Erziehung erzählen
Modelle intergenerationeller Weitergabe in der deutschen Literatur des Mittelalters
Michaela Pölzl
Schon das europäische Mittelalter diskutierte die bis heute umstrittene Frage nach dem relativen Einfluss von geburtlicher Veranlagung versus Einwirkungen der Umwelt auf Verhalten und Fähigkeiten eines Menschen – mit sehr unterschiedlichem Ergebnis. Literatur als textuelle Welt zweiter Ordnung bietet einen Aushandlungsraum, in dem verschiedene Imaginationen von Erziehbarkeit durchgespielt und gewichtet werden können. Diese Möglichkeit Erziehung zu erzählen nutzt die mittelhochdeutsche Dichtung in überraschend hohem Maße. Um verschiedenen Modellen intergenerationeller Weitergabe in den Texten auf die Spur zu kommen, versteht der Band Erziehung als einen elementaren Faktor des Fortbestands menschlicher Kultur und bestimmt sie als ein sowohl transhistorisch wie auch historisch fassbares Phänomen. So können drei personelle Konstellationen identifiziert und analysiert werden, die sich als zentrale literarische Modelle eines Wissenstransfers zwischen den Generationen erweisen.

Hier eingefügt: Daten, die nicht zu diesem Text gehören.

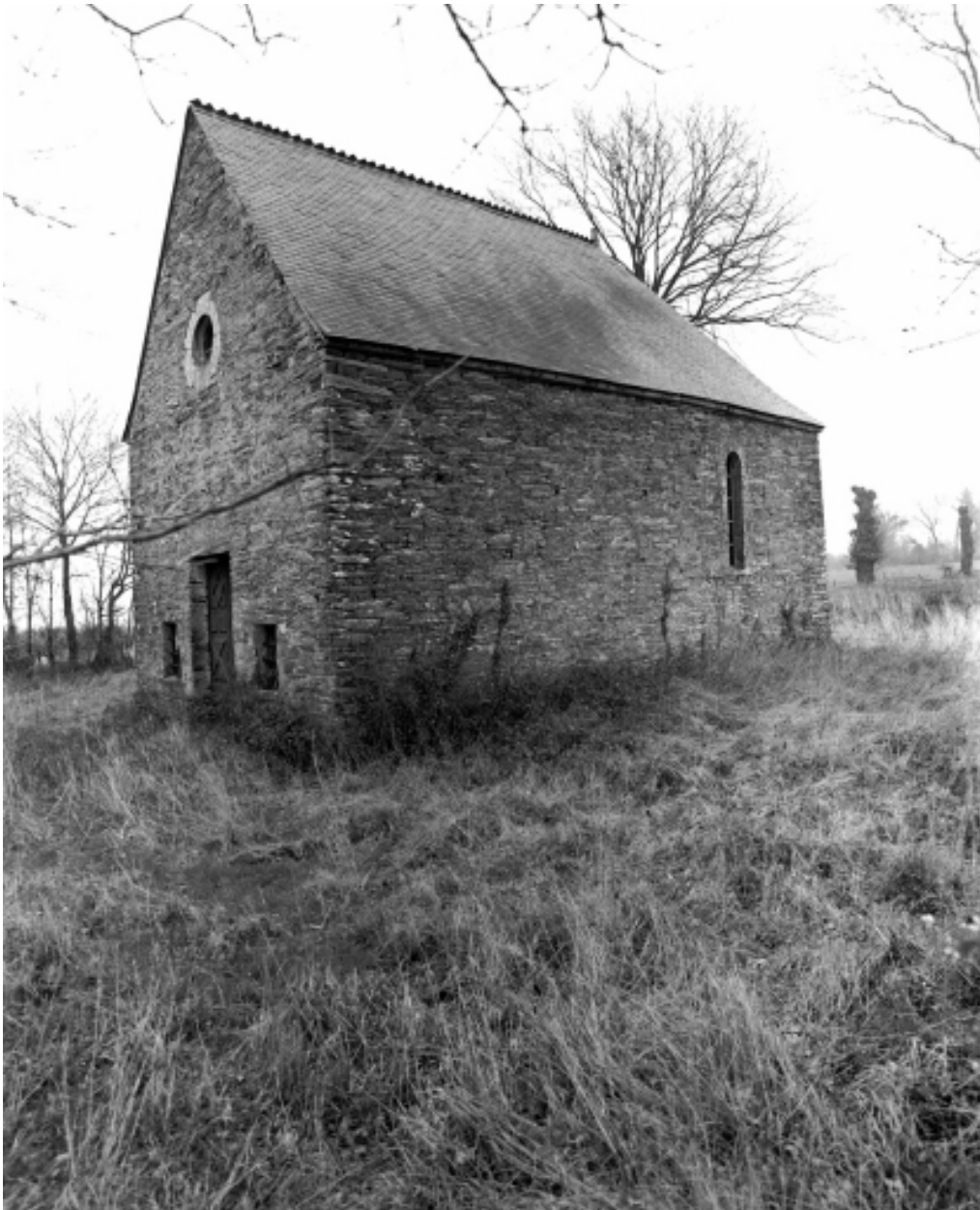
Vue générale sud-ouest

The European Middle Ages already discussed the question of the relative influence of birth disposition versus environmental influences on a person’s behaviour and abilities – and came to very different results. Literature as a textual world of second order provides a space for negotiation in which different imaginations of educability can be explored and evaluated. Middle High German poetry uses this possibility of narrating education to a surprisingly high degree. In order to trace different models of intergenerational transfer in the texts, the study regards education as an essential factor in the continuity of human culture and defines it as a phenomenon that can be grasped both transhistorically and historically. In this way, three configurations in the texts are identified and analysed that prove to be key models of knowledge transfer between the generations.